Your job is to copy all the entries precisely as they stand.

• _Stored items_:
================
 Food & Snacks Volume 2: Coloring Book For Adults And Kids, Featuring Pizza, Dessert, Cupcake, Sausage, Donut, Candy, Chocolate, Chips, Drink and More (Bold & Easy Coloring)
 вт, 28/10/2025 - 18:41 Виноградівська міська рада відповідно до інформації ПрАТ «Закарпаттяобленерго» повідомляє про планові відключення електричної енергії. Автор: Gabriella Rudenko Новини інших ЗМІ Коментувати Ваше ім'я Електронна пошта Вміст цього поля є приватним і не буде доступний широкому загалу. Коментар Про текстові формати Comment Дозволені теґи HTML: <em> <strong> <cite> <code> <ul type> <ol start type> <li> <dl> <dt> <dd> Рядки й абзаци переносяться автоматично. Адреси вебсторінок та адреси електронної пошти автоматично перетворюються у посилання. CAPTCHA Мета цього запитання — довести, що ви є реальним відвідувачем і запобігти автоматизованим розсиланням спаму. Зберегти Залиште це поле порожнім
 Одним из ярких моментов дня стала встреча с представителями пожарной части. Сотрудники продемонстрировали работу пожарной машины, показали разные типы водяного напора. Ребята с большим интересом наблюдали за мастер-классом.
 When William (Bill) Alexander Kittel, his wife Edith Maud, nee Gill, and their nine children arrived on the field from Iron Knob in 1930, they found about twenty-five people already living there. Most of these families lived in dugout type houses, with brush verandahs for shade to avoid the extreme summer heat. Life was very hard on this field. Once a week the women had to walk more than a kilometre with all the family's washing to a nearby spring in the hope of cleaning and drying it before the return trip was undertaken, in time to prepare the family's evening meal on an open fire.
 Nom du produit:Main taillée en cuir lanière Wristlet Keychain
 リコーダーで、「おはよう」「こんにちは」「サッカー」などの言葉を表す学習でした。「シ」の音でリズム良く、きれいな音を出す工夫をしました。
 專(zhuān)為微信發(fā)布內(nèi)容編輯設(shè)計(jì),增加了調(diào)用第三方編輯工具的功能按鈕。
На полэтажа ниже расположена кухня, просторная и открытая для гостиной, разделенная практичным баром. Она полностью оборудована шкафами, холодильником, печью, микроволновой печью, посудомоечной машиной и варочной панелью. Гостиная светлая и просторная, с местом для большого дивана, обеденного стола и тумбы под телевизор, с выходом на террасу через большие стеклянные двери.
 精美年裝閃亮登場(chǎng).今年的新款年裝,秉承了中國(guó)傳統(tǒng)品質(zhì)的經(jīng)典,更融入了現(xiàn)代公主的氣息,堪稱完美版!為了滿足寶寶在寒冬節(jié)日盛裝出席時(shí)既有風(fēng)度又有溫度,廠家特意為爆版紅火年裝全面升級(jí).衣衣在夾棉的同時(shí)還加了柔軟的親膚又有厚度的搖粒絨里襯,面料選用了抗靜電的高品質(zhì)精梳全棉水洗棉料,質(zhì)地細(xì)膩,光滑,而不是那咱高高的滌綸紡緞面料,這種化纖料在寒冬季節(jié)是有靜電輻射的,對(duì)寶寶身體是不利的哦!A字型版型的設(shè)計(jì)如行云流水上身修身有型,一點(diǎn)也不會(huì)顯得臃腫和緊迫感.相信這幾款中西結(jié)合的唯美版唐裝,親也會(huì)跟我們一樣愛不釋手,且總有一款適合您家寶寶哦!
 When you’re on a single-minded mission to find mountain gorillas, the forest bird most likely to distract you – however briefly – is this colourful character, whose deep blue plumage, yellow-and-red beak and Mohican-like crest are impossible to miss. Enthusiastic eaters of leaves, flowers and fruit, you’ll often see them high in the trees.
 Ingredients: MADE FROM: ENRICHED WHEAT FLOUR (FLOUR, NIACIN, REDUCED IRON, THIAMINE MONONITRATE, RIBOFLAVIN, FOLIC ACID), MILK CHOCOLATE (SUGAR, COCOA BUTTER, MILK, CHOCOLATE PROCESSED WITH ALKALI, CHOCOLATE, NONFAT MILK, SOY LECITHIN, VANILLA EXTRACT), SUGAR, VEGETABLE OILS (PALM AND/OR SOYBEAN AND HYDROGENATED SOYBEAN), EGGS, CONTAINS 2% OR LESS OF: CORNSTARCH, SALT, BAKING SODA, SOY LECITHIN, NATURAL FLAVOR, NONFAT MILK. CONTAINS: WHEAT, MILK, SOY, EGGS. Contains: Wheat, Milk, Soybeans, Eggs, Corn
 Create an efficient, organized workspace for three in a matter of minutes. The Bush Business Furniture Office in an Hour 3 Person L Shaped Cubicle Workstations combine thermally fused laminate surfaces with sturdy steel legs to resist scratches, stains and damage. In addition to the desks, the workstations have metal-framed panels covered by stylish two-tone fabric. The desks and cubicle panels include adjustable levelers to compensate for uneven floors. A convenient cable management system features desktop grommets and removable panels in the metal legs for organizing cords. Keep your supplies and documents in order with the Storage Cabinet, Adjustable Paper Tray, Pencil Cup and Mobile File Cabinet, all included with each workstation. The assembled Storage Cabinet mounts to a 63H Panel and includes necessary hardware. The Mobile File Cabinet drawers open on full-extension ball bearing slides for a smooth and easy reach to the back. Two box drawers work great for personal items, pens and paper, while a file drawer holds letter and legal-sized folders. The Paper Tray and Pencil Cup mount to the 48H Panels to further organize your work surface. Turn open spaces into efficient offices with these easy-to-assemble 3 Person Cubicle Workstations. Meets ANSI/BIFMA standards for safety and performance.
================
• _Solution for this task_:
 Food & Snacks Volume 2: Coloring Book For Adults And Kids, Featuring Pizza, Dessert, Cupcake, Sausage, Donut, Candy, Chocolate, Chips, Drink and More (Bold & Easy Coloring)
 вт, 28/10/2025 - 18:41 Виноградівська міська рада відповідно до інформації ПрАТ «Закарпаттяобленерго» повідомляє про планові відключення електричної енергії. Автор: Gabriella Rudenko Новини інших ЗМІ Коментувати Ваше ім'я Електронна пошта Вміст цього поля є приватним і не буде доступний широкому загалу. Коментар Про текстові формати Comment Дозволені теґи HTML: <em> <strong> <cite> <code> <ul type> <ol start type> <li> <dl> <dt> <dd> Рядки й абзаци переносяться автоматично. Адреси вебсторінок та адреси електронної пошти автоматично перетворюються у посилання. CAPTCHA Мета цього запитання — довести, що ви є реальним відвідувачем і запобігти автоматизованим розсиланням спаму. Зберегти Залиште це поле порожнім
 Одним из ярких моментов дня стала встреча с представителями пожарной части. Сотрудники продемонстрировали работу пожарной машины, показали разные типы водяного напора. Ребята с большим интересом наблюдали за мастер-классом.
 When William (Bill) Alexander Kittel, his wife Edith Maud, nee Gill, and their nine children arrived on the field from Iron Knob in 1930, they found about twenty-five people already living there. Most of these families lived in dugout type houses, with brush verandahs for shade to avoid the extreme summer heat. Life was very hard on this field. Once a week the women had to walk more than a kilometre with all the family's washing to a nearby spring in the hope of cleaning and drying it before the return trip was undertaken, in time to prepare the family's evening meal on an open fire.
 Nom du produit:Main taillée en cuir lanière Wristlet Keychain
 リコーダーで、「おはよう」「こんにちは」「サッカー」などの言葉を表す学習でした。「シ」の音でリズム良く、きれいな音を出す工夫をしました。
 專(zhuān)為微信發(fā)布內(nèi)容編輯設(shè)計(jì),增加了調(diào)用第三方編輯工具的功能按鈕。
На полэтажа ниже расположена кухня, просторная и открытая для гостиной, разделенная практичным баром. Она полностью оборудована шкафами, холодильником, печью, микроволновой печью, посудомоечной машиной и варочной панелью. Гостиная светлая и просторная, с местом для большого дивана, обеденного стола и тумбы под телевизор, с выходом на террасу через большие стеклянные двери.
 精美年裝閃亮登場(chǎng).今年的新款年裝,秉承了中國(guó)傳統(tǒng)品質(zhì)的經(jīng)典,更融入了現(xiàn)代公主的氣息,堪稱完美版!為了滿足寶寶在寒冬節(jié)日盛裝出席時(shí)既有風(fēng)度又有溫度,廠家特意為爆版紅火年裝全面升級(jí).衣衣在夾棉的同時(shí)還加了柔軟的親膚又有厚度的搖粒絨里襯,面料選用了抗靜電的高品質(zhì)精梳全棉水洗棉料,質(zhì)地細(xì)膩,光滑,而不是那咱高高的滌綸紡緞面料,這種化纖料在寒冬季節(jié)是有靜電輻射的,對(duì)寶寶身體是不利的哦!A字型版型的設(shè)計(jì)如行云流水上身修身有型,一點(diǎn)也不會(huì)顯得臃腫和緊迫感.相信這幾款中西結(jié)合的唯美版唐裝,親也會(huì)跟我們一樣愛不釋手,且總有一款適合您家寶寶哦!
 When you’re on a single-minded mission to find mountain gorillas, the forest bird most likely to distract you – however briefly – is this colourful character, whose deep blue plumage, yellow-and-red beak and Mohican-like crest are impossible to miss. Enthusiastic eaters of leaves, flowers and fruit, you’ll often see them high in the trees.
 Ingredients: MADE FROM: ENRICHED WHEAT FLOUR (FLOUR, NIACIN, REDUCED IRON, THIAMINE MONONITRATE, RIBOFLAVIN, FOLIC ACID), MILK CHOCOLATE (SUGAR, COCOA BUTTER, MILK, CHOCOLATE PROCESSED WITH ALKALI, CHOCOLATE, NONFAT MILK, SOY LECITHIN, VANILLA EXTRACT), SUGAR, VEGETABLE OILS (PALM AND/OR SOYBEAN AND HYDROGENATED SOYBEAN), EGGS, CONTAINS 2% OR LESS OF: CORNSTARCH, SALT, BAKING SODA, SOY LECITHIN, NATURAL FLAVOR, NONFAT MILK. CONTAINS: WHEAT, MILK, SOY, EGGS. Contains: Wheat, Milk, Soybeans, Eggs, Corn
 Create an efficient, organized workspace for three in a matter of minutes. The Bush Business Furniture Office in an Hour 3 Person L Shaped Cubicle Workstations combine thermally fused laminate surfaces with sturdy steel legs to resist scratches, stains and damage. In addition to the desks, the workstations have metal-framed panels covered by stylish two-tone fabric. The desks and cubicle panels include adjustable levelers to compensate for uneven floors. A convenient cable management system features desktop grommets and removable panels in the metal legs for organizing cords. Keep your supplies and documents in order with the Storage Cabinet, Adjustable Paper Tray, Pencil Cup and Mobile File Cabinet, all included with each workstation. The assembled Storage Cabinet mounts to a 63H Panel and includes necessary hardware. The Mobile File Cabinet drawers open on full-extension ball bearing slides for a smooth and easy reach to the back. Two box drawers work great for personal items, pens and paper, while a file drawer holds letter and legal-sized folders. The Paper Tray and Pencil Cup mount to the 48H Panels to further organize your work surface. Turn open spaces into efficient offices with these easy-to-assemble 3 Person Cubicle Workstations. Meets ANSI/BIFMA standards for safety and performance.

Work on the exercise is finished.